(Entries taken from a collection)

━━━━━━━━━━━━━━━━━━━━━━━━━━━━━━

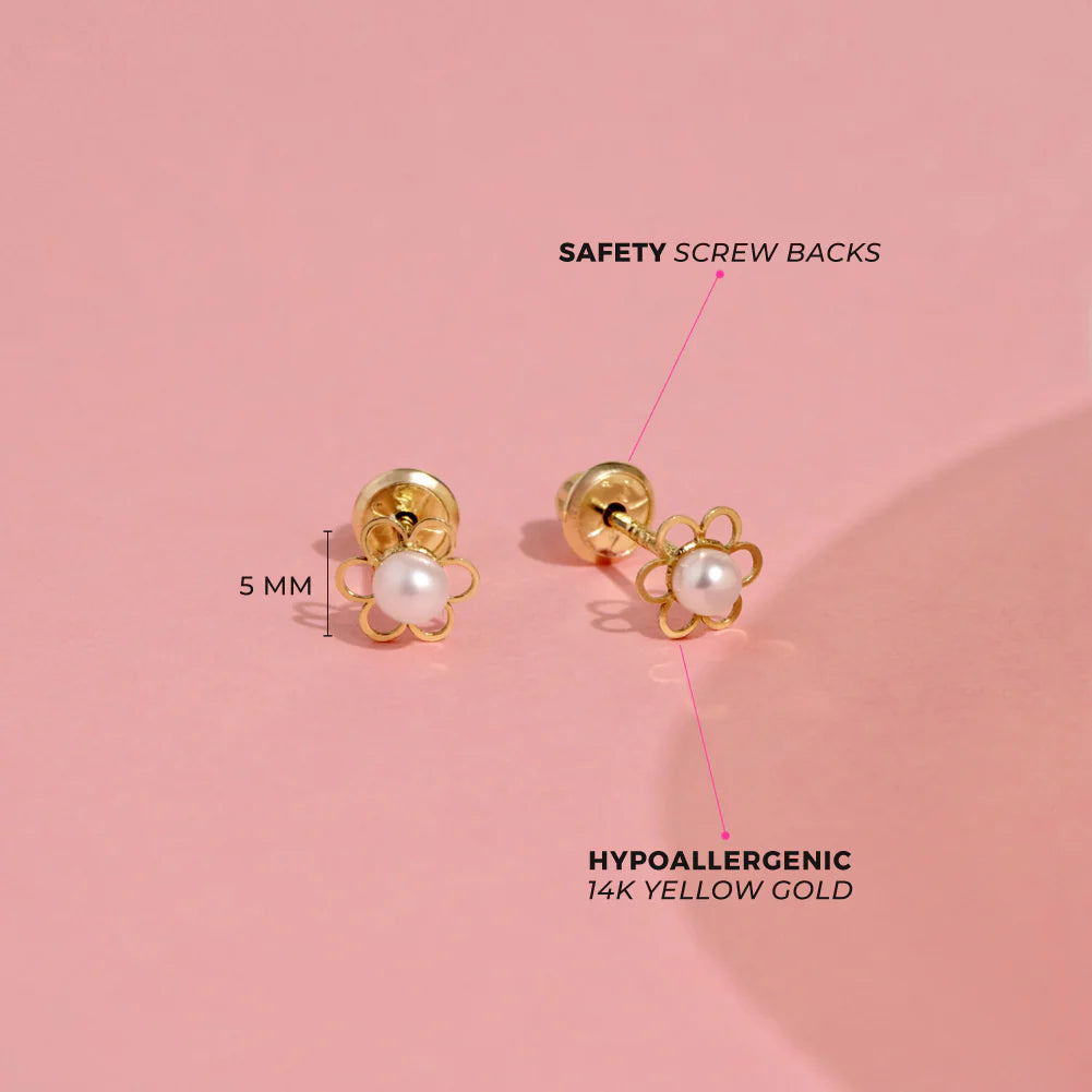 GIOVE MIO Baby Flower Earrings in 14Kt Yellow Gold with Pearls.
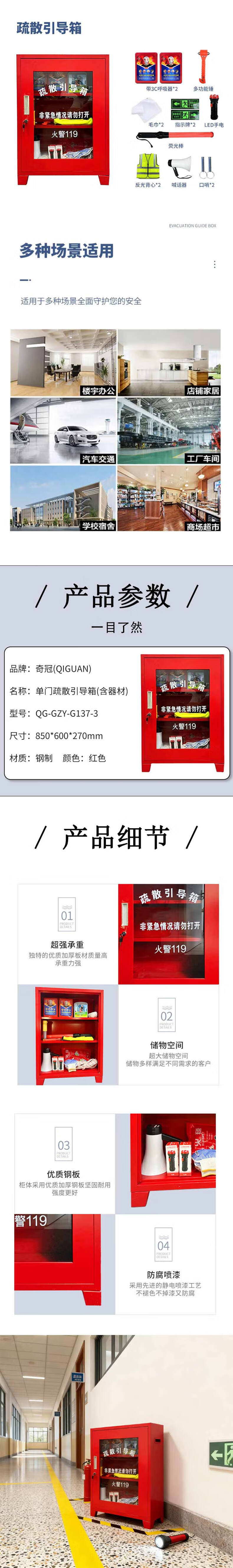 • 奇冠 QG-GZY-G137-3 疏散引导箱  (含器材) 850*600*270mm 钢制 红色 组按(组)销售
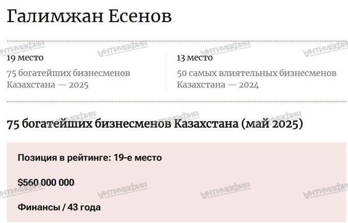 As for his former son-in-law, who logically should have been either brought to criminal responsibility for the fund's financial manipulations and strange stories with the refinancing of ATFBank, which he owned, or at least stripped of the majority of his assets, Galimzhan Yessenov increased his assets and is on the Forbes list with a capital of $560 million. Galimzhan Yessenov ranks 19th among the wealthiest people in Kazakhstan and 13th among the most influential figures in the country. A fact that is puzzling to those who predicted him a jail cell and gruel.
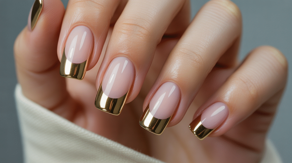 You can choose from silver chrome for a cool, edgy look, rose gold chrome for a softer feminine shine, or gold chrome for a rich and luxurious feel. Pair it with a neutral base such as milky white, nude, or soft pink to balance the reflective finish and keep the overall look elegant. Some variations even include chromed reverse French tips or chrome outlines for extra dimension.
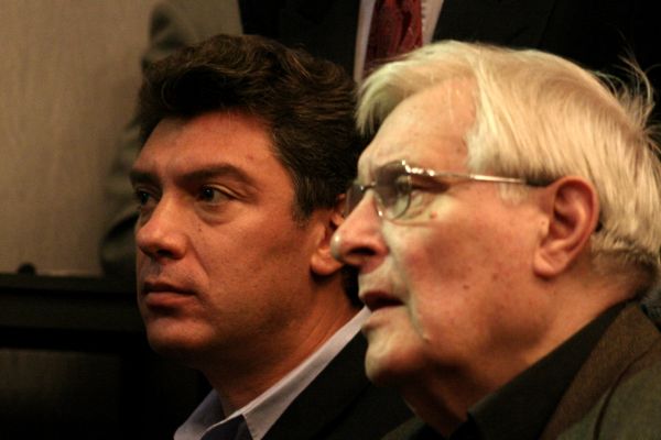 Олег Басилашвили и Борис Немцов на конференции демократических сил в Петербурге 5 апреля 2008 года. Фото А. Карпюк/Грани.Ру
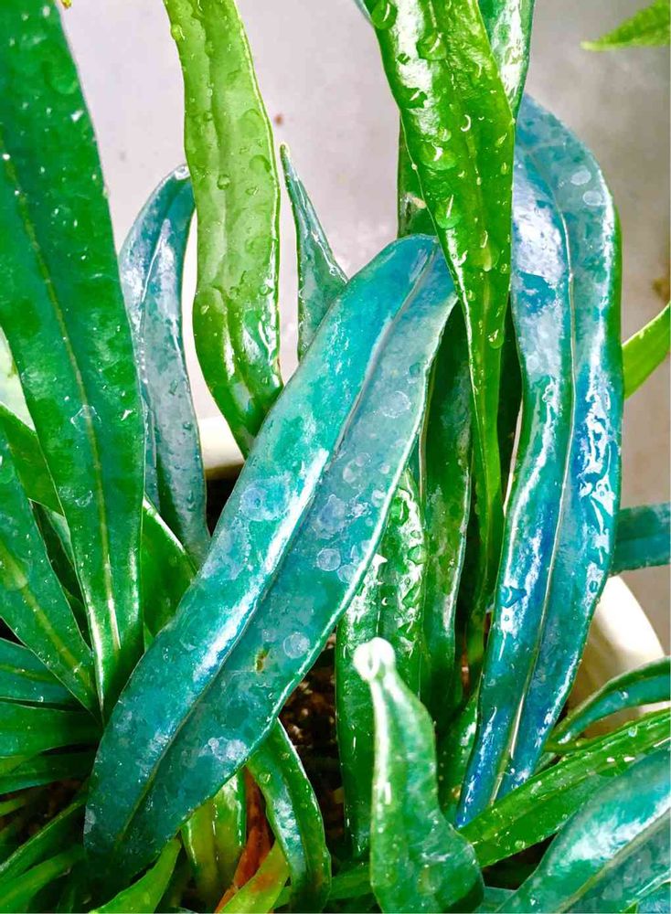 おはようございます。水やりした後はギラギラになります。青くない葉も全てメタリックな感じでうちでは異色の存在ですね。
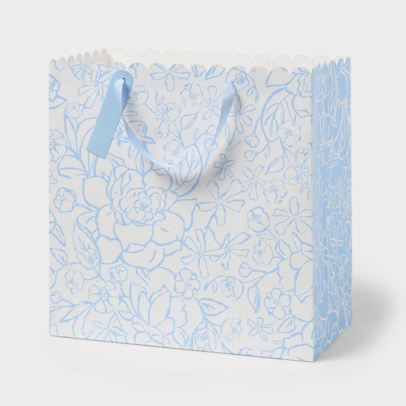 Make any gift feel special with the Large Square Floral Wedding Gift Bag with Tag Blue/White - Spritz™. The blue and white floral design adds a fresh touch while the roomy square shape fits larger pre…
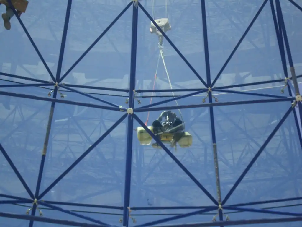 در این روش خرپا فلزی جهت تحمل بار مرده و بار دینامیکی طراحی شده و اسپایدرها با جوش یا پیچ بر روی این سازه نشسته و بار را منتقل میکنند. محاسبه خرپای اینچنینی بسیار ساده بوده و تولید اینگونه خرپا نیز به سرعت انجام میپذیرد. میتوان آن رارنگ پادرکوتینگ نمود و محاسبان ایرانی شناخت خوبی از عملکرد آن دارند.
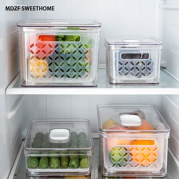 MDZF SWEETHOME Refrigerator Food Storage Containers With Drainer Kitchen Storage Vegetable Fruit Fresh Box Organizer With Lid
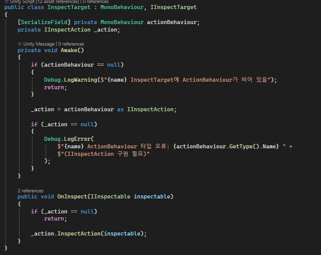 기존에 있던 InspectionHiddenTarget의 기능에서 좀 세분화해서 InspectionTarget과 클릭 시 사라지는 오브젝트
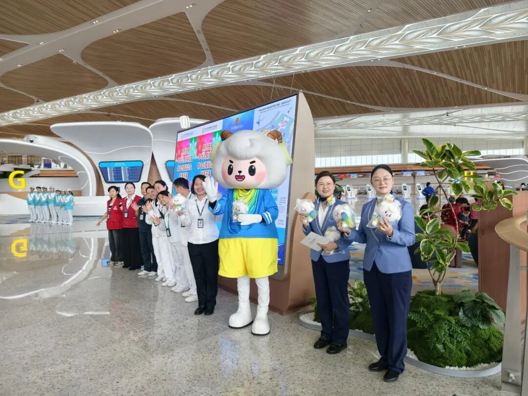 白云机场推出系列服务创新举措:开展“扮靓全运”“点亮全运”,合计在T1、T2、T3航站楼投入电子屏点位1250余处,其中T3航站楼广告大屏、室内交通信息显示屏、航显屏、到达行李信息屏、导航屏共693个滚动播放十五运宣传海报;灯箱广告76幅,80余个电视屏幕播放主题MV《气势如虹》;布置玻璃钢吉祥物公仔11套(10套玻璃钢+1套充气),涵盖机场大道、航站楼出发层车道、出发厅、到达厅和综合交通中心、政要贵宾厅;3 处双赛倒计时装置实时提醒赛事进程,布置5处景观小品和72组机场大道(南北双向)道旗,形成“抬头可见、驻足可观” 的浓厚氛围。开展“全运来了 一起运动吧”“全运猜猜猜”等互动活动提升旅客参与感;“致敬冠军”活动为赛事健儿举办欢送仪式,传递城市温情;“精彩全运惠” 联动商铺,推出专享优惠。
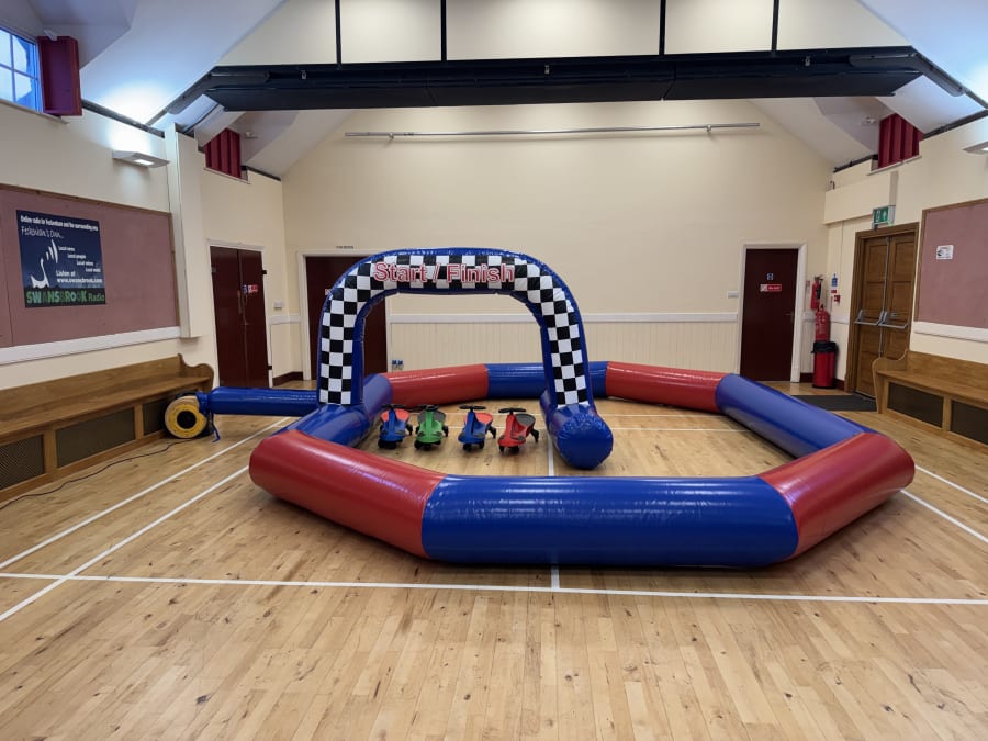 Our Didi Car Race Track 15ft x 20ft brings high-speed fun and friendly competition to your party or event. Perfect for little racers, this inflatable track provides a safe and exciting space for children to zoom around, race their friends, and burn off some serious energy!
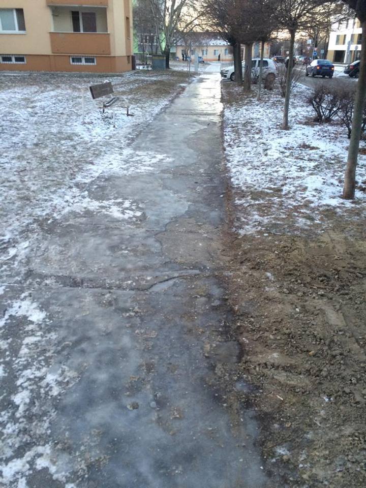 Podľa vyjadrenia z mestského úradu na chodníku je hrubá vrstva ľadu z dôvodu poruchy vodovodu, ktorá je už odstránená. Ešte dnes by mal byť chodník posypaný hrubou vrstvou posypového materiálu a zajtra by ho mali očistiť pracovníci mestského podniku Area.
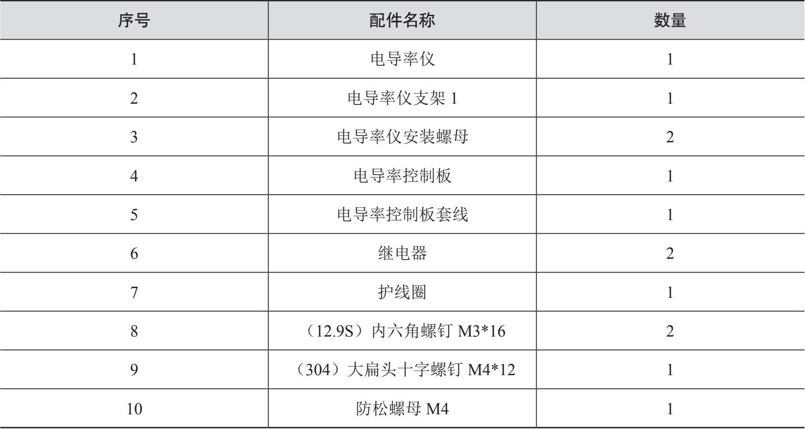 (11)电导率控制板的安装:采用工具“博世带扭矩电钻”“钻头Φ3.2”“丝锥M4”打出“电导率控制板”悬挂螺丝孔M4,采用零件“(304)大扁头十字螺钉M4 12”安装,内侧紧定“防松螺母M4”;采用工具“博世带扭矩电钻”“钻头Φ3.2”“钻头Φ13.5”打出“电导率控制板”连接线穿孔,同时采用“护线圈”安装孔内,以保护电导率控制线(见图 5-12);

━━━━━━━━━━━━━━━━━━━━━━━━━━━━━━

Word for word, give back each entry from above, but skip any picture.

EXPECTED ANSWER -
 GIOVE MIO Baby Flower Earrings in 14Kt Yellow Gold with Pearls.
 • 奇冠 QG-GZY-G137-3 疏散引导箱  (含器材) 850*600*270mm 钢制 红色 组按(组)销售
 As for his former son-in-law, who logically should have been either brought to criminal responsibility for the fund's financial manipulations and strange stories with the refinancing of ATFBank, which he owned, or at least stripped of the majority of his assets, Galimzhan Yessenov increased his assets and is on the Forbes list with a capital of $560 million. Galimzhan Yessenov ranks 19th among the wealthiest people in Kazakhstan and 13th among the most influential figures in the country. A fact that is puzzling to those who predicted him a jail cell and gruel.
 You can choose from silver chrome for a cool, edgy look, rose gold chrome for a softer feminine shine, or gold chrome for a rich and luxurious feel. Pair it with a neutral base such as milky white, nude, or soft pink to balance the reflective finish and keep the overall look elegant. Some variations even include chromed reverse French tips or chrome outlines for extra dimension.
 Олег Басилашвили и Борис Немцов на конференции демократических сил в Петербурге 5 апреля 2008 года. Фото А. Карпюк/Грани.Ру
 おはようございます。水やりした後はギラギラになります。青くない葉も全てメタリックな感じでうちでは異色の存在ですね。
 Make any gift feel special with the Large Square Floral Wedding Gift Bag with Tag Blue/White - Spritz™. The blue and white floral design adds a fresh touch while the roomy square shape fits larger pre…
 در این روش خرپا فلزی جهت تحمل بار مرده و بار دینامیکی طراحی شده و اسپایدرها با جوش یا پیچ بر روی این سازه نشسته و بار را منتقل میکنند. محاسبه خرپای اینچنینی بسیار ساده بوده و تولید اینگونه خرپا نیز به سرعت انجام میپذیرد. میتوان آن رارنگ پادرکوتینگ نمود و محاسبان ایرانی شناخت خوبی از عملکرد آن دارند.
 MDZF SWEETHOME Refrigerator Food Storage Containers With Drainer Kitchen Storage Vegetable Fruit Fresh Box Organizer With Lid
 기존에 있던 InspectionHiddenTarget의 기능에서 좀 세분화해서 InspectionTarget과 클릭 시 사라지는 오브젝트
 白云机场推出系列服务创新举措:开展“扮靓全运”“点亮全运”,合计在T1、T2、T3航站楼投入电子屏点位1250余处,其中T3航站楼广告大屏、室内交通信息显示屏、航显屏、到达行李信息屏、导航屏共693个滚动播放十五运宣传海报;灯箱广告76幅,80余个电视屏幕播放主题MV《气势如虹》;布置玻璃钢吉祥物公仔11套(10套玻璃钢+1套充气),涵盖机场大道、航站楼出发层车道、出发厅、到达厅和综合交通中心、政要贵宾厅;3 处双赛倒计时装置实时提醒赛事进程,布置5处景观小品和72组机场大道(南北双向)道旗,形成“抬头可见、驻足可观” 的浓厚氛围。开展“全运来了 一起运动吧”“全运猜猜猜”等互动活动提升旅客参与感;“致敬冠军”活动为赛事健儿举办欢送仪式,传递城市温情;“精彩全运惠” 联动商铺,推出专享优惠。
 Our Didi Car Race Track 15ft x 20ft brings high-speed fun and friendly competition to your party or event. Perfect for little racers, this inflatable track provides a safe and exciting space for children to zoom around, race their friends, and burn off some serious energy!
 Podľa vyjadrenia z mestského úradu na chodníku je hrubá vrstva ľadu z dôvodu poruchy vodovodu, ktorá je už odstránená. Ešte dnes by mal byť chodník posypaný hrubou vrstvou posypového materiálu a zajtra by ho mali očistiť pracovníci mestského podniku Area.
 (11)电导率控制板的安装:采用工具“博世带扭矩电钻”“钻头Φ3.2”“丝锥M4”打出“电导率控制板”悬挂螺丝孔M4,采用零件“(304)大扁头十字螺钉M4 12”安装,内侧紧定“防松螺母M4”;采用工具“博世带扭矩电钻”“钻头Φ3.2”“钻头Φ13.5”打出“电导率控制板”连接线穿孔,同时采用“护线圈”安装孔内,以保护电导率控制线(见图 5-12);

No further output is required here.